John Paul College is a Catholic secondary school in Frankston, Victoria, Australia. It was established under the authority of the Archbishop of Melbourne and operated on his behalf by the parish priests of the five member parishes of the region — Frankston, Frankston East, Langwarrin, Chelsea and Seaford, through the College Board.

History
It was formed in 1979 by the merging of two previous colleges, Stella Maris College (girls) and Marianist College (boys).
Stella Maris began in 1968 in a large house on the property purchased from the Peninsula Golf Club in 1965 by the Sisters, Faithful Companions of Jesus. The Order took possession of the property in June 1967 and the Sisters took up residence in December of that year. The original two-storey house on the site had been erected and occupied by the Parer family in the second half of the last century, and after changing hands several times, had been in the possession of the Peninsula Golf Club since 1922. Many extensions and alterations had taken place over the years, and further conversions were required to prepare the building for the opening of the school in 1968.

In that first year, four Sisters taught the initial enrolment of ninety-nine girls. Numbers had increased to 169 by the next year and two lay teachers joined the staff. Each succeeding year saw an increase in numbers of students and staff. New classrooms, science rooms and a library were built. From 1968 until 1976, Stella Maris accepted boarders, who were housed in the residential wing of the old clubrooms.

In 1969, a committee was formed to assess the secondary education needs of Frankston. This committee, under the direction of Father Joseph P. Kealy, recommended that a boys college be established. Previously Mary Turner of Seaford had bequeathed some land in Seaford for the establishment of such a boys college. This land was subsequently sold, with the approval of the Trustees of the Turner estate, and the proceeds used to purchase  of the land belonging to Stella Maris College.

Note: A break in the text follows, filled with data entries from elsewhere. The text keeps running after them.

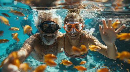Elderly couple dives into the sea. among the fish and waved at the camera.
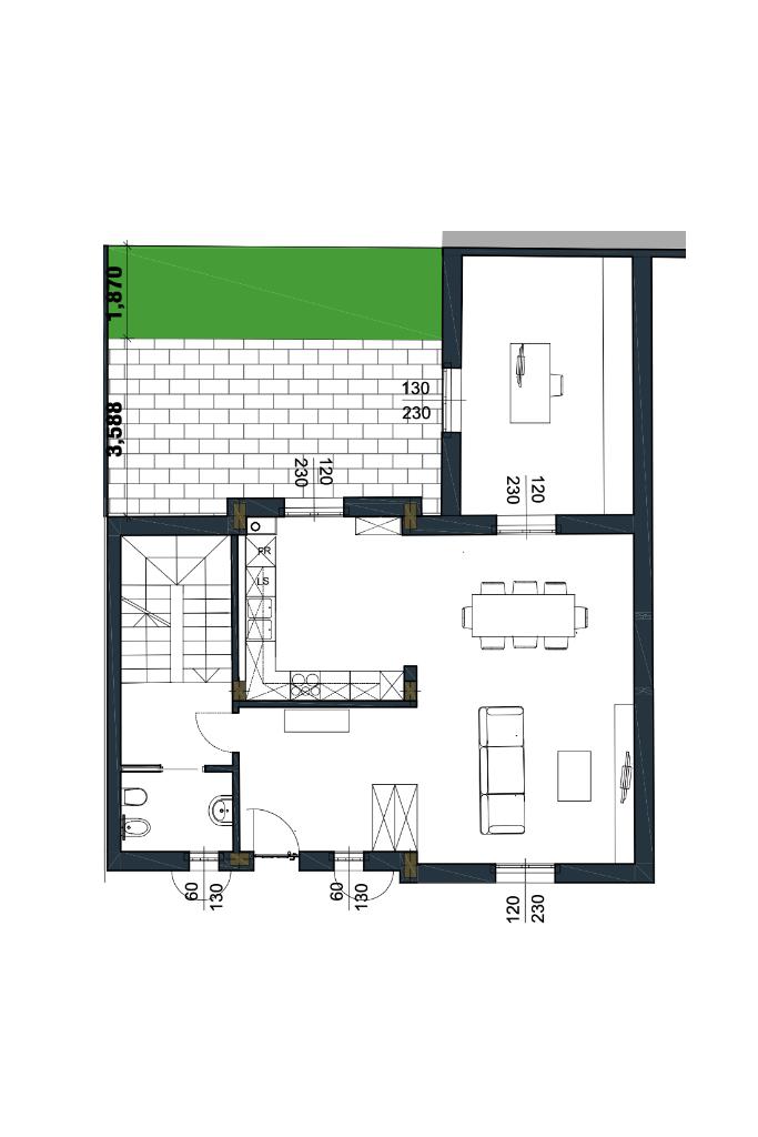 Tramite il giardino d’ingresso esclusivo si accede alla zona living, di circa 50 mq, completamente openspace e comprendente un ampio ingresso arredabile, sala da pranzo, salotto e cucina a vista vivibile che si affaccia al comodo patio esterno di oltre 100 mq ideale per pranzi e cene all’aperto, luminosa ed ampia stanza multiuso completamente con travi a vista sbiancate, disimpegno e bagno finestrato.
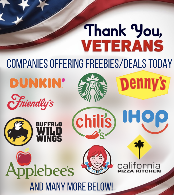 - Chili’s: Free meal from a special Veterans Day menu.
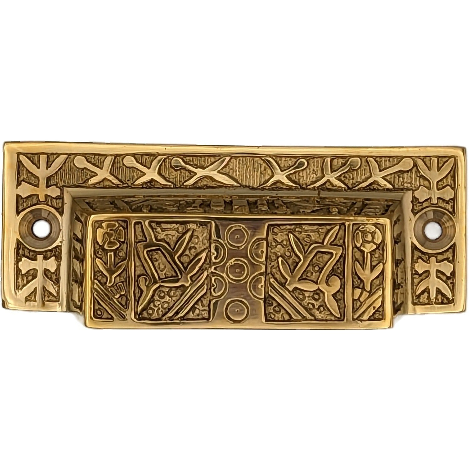 3 1/2 Inch Overall (3 Inch c-c) Solid Brass Eastlake Cup or Bin Pull
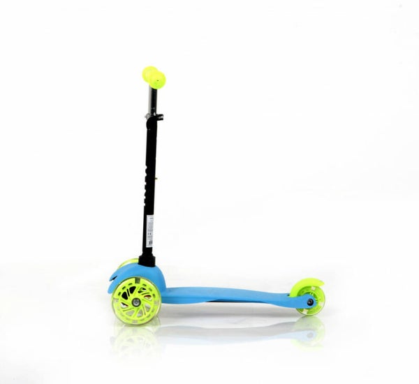 Trotineta usoara pentru copii SCOOTER MINI are 3 roti pentru o stabilitate mai buna, care sunt echipate cu leduri care se coloreaza in diferite culori, cand se merge pe ea.

The Society of Mary (Marianists) was approached and agreement was reached that members of the Society should establish a boys college for years seven through twelve. Marianist College opened in February 1973 with 166 boys and a staff of six under the direction of Brother Donald Neff SM. Since the school building had not been completed, classes were held in St John's Church (East Frankston) and in the basement of St John's Primary School. During 1974 some classes were accommodated at St Anne's Church and Holy Family Church. Finally, all classes were brought back to the college with the completion of adequate facilities. The college continued to grow rapidly in both numbers of students and buildings to accommodate them.

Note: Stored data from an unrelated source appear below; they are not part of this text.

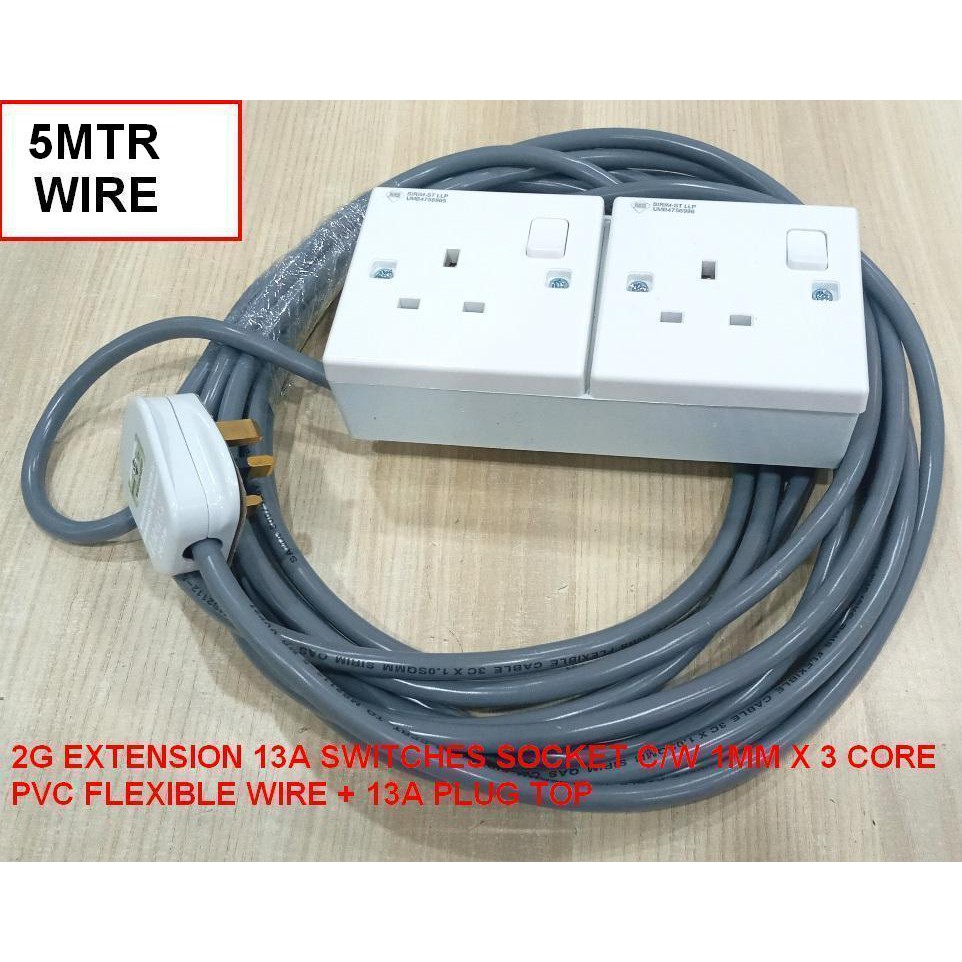 2G EXTENSION 13A SWITCHES SOCKET C/W 1MM X 3C PVC FLEX WIRE + 3PIN PLUG (1M/2M/3M/4M/5M/6M/7M/8M/9M/10M)
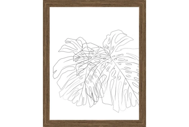 Obraz v drevenom hnedom ráme zaujme moderným dizajnom a motívom vychádzajúceho zo škandinávskeho štýlu. Jednoduché listy kreslené linkou vyžarujú pokoj a pohodu. Kombinácia s ďalšími obrazmi škandinávskeho štýlu vytvorí na stene originálnu koláž. Rozmer 20×25 cm.
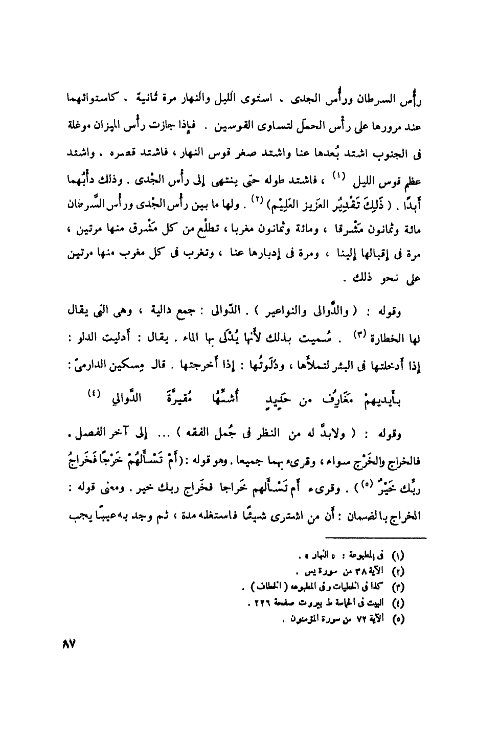 رأس السرطان ورأس الجدي. استوي الليل والنهار مرة ثانية. كاستوائهما عند مرورها على رأس الحمل لتساوي القوسين. فإذا جازت رأس الميزان موغلة في الجنوب اشتد بعدها عنا واشتد صغر قوس النهار، فاشتد قصره. واشتد عظم قوس الليل، فاشتد طوله حتى ينتهي إلى رأس الجدي. وذلك دأبهما أبداً. {ذَلِكَ تَقْدِيُر العَزيز العَلِيْم}. ولها ما بين رأس الجدي ورأس السرطان مائة وثمانون مشرقاً. ومائة وثمانون مغرباً، تطلع من كل مشرق منها مرتين، مرة في إقبالها إلينا، ومرة في إدبارها عنا، وتغرب في كل مغرب منها مرتين على نحو ذلك.
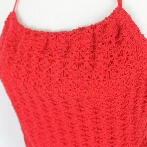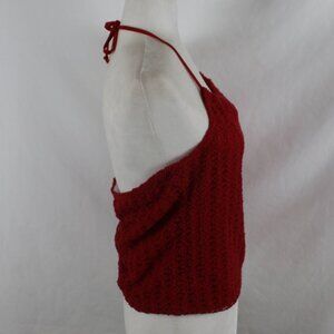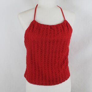 Vintage TWO ROADS Halter Tank Top Woman Size Large Red Lace Cropped Drawstring
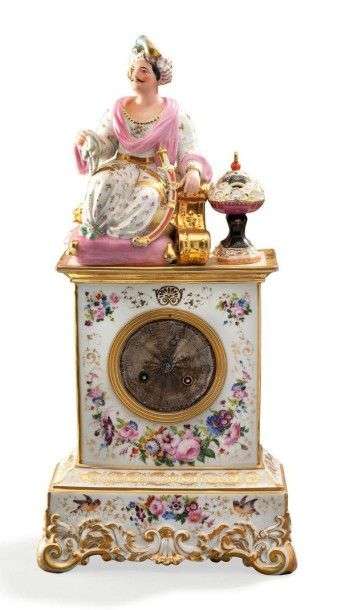Belle pendule en porcelaine blanche à décor polychrome| elle représente un jeune prince ottoman assis sur des coussins, à ses côtés, un brûle-parfum orné d'un croissant de lune| le cadran en métal guilloché et argenté est inscrit dans une borne à décor de rinceaux fleuris et cartouches animés d'oiseaux| la base à doucine et décor de coquille et feuillages en relief.
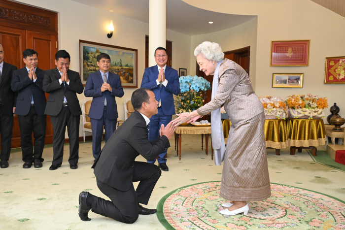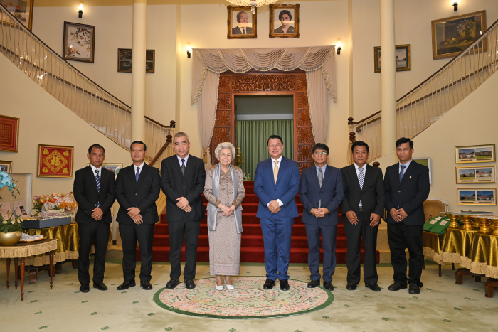 សម្តេចព្រះមហាក្សត្រី នរោត្តម មុនិនាថ សីហនុ ព្រះវររាជមាតាជាតិខ្មែរ ជាទីសក្ការៈដ៏ខ្ពង់ខ្ពស់បំផុត ព្រះអង្គសព្វព្រះរាជហឬទ័យប្រោសព្រះរាជទានឯកឧត្តម ឌិត ទីណា រដ្ឋមន្ត្រីក្រសួងកសិកម្ម រុក្ខាប្រមាញ់ និងនេសាទ ព្រមទាំងប្រតិភូអមដំណេីរ ចូលក្រាបថ្វាយបង្គំគាល់ នៅព្រះរាជដំណាក់គន្ធបុប្ផាក្នុងព្រះបរមរាជវាំង
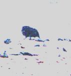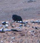 Hi Goggog, I dont know what to make of this. It is probably a shadow, but i see an earth-like mammal, eerily resembling a buffalo/wolf hybrid. I can even see a set of eyes which look like they are glowing! Hopefully somebody who is more talented than myself with colorizing etc. can better decipher this anomaly. In my image I adjusted the light/shadow levels.
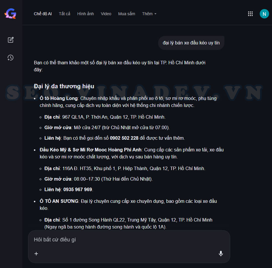 VINADEV Hi-TECH đã triển khai rất nhiều dự án SEO cho xe & phụ tùng nên kinh nghiệm cho thấy uy tín quan trọng hơn là giá rẻ. Hầu hết, khách hàng ngành này sẽ kiểm tra mức độ uy tín từ người thân, nhóm hội bạn bè, các diễn đàn giai đoạn trước khi có AI và bây giờ là các công cụ AI trả lời như ChatGPT hay Google AI.
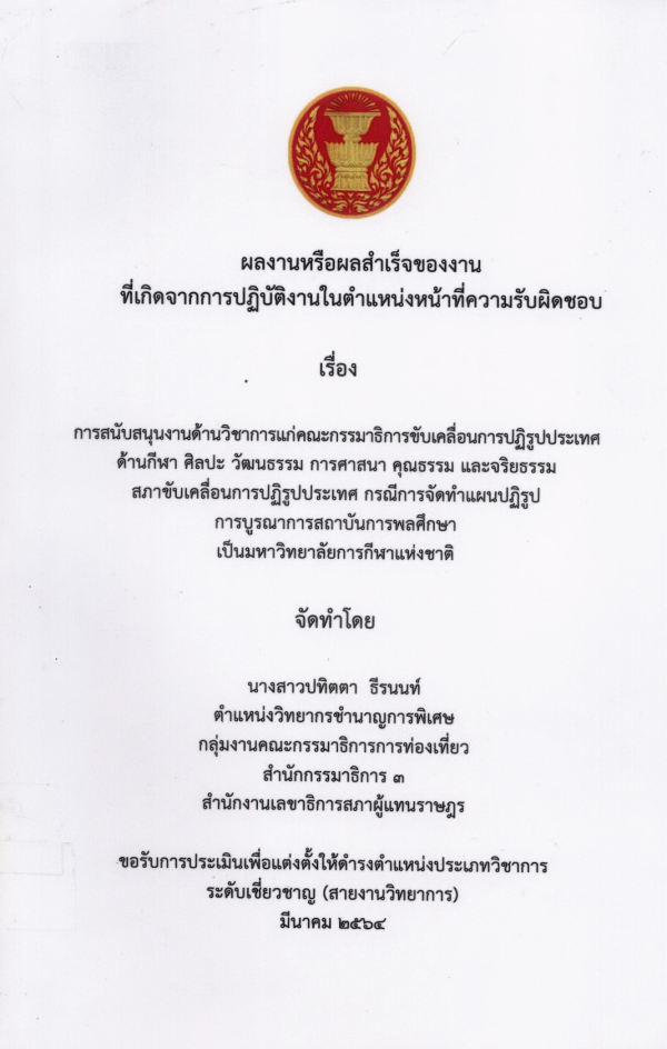 การสนับสนุนงานด้านวิชาการแก่คณะกรรมาธิการขับเคลื่อนการปฏฺิรูปประเทศด้านกีฬา ศิลปะ วัฒนธรรม การศาสนา คุณธรรม และจริยธรรม สภาขับเคลื่อนการปฏิรูปประเทศ กรณีการจัดทำแผนปฏิรูปการบูรณาการสถาบันการพลศึกษาเป็นมหาวิทยาลัยการกีฬาแห่งชาติ / ปทิตตา ธีรนนท์.

After preliminary discussions in 1976, it was announced in 1977 that the two colleges would merge. During 1978, detailed planning was carried out for the merger at the beginning of 1979. During 1979, years 7 to 10 girls remained at the Stella Maris section of the college and Olsen Estate. OJ Olsen, a prominent Frankston resident, left an estate to the Church for use in the Frankston area.

In 1997, the college took possession of a set of new and refurbished facilities which have enabled the whole school to operate on one integrated campus, thus bringing to a conclusion the capital development begun in 1968.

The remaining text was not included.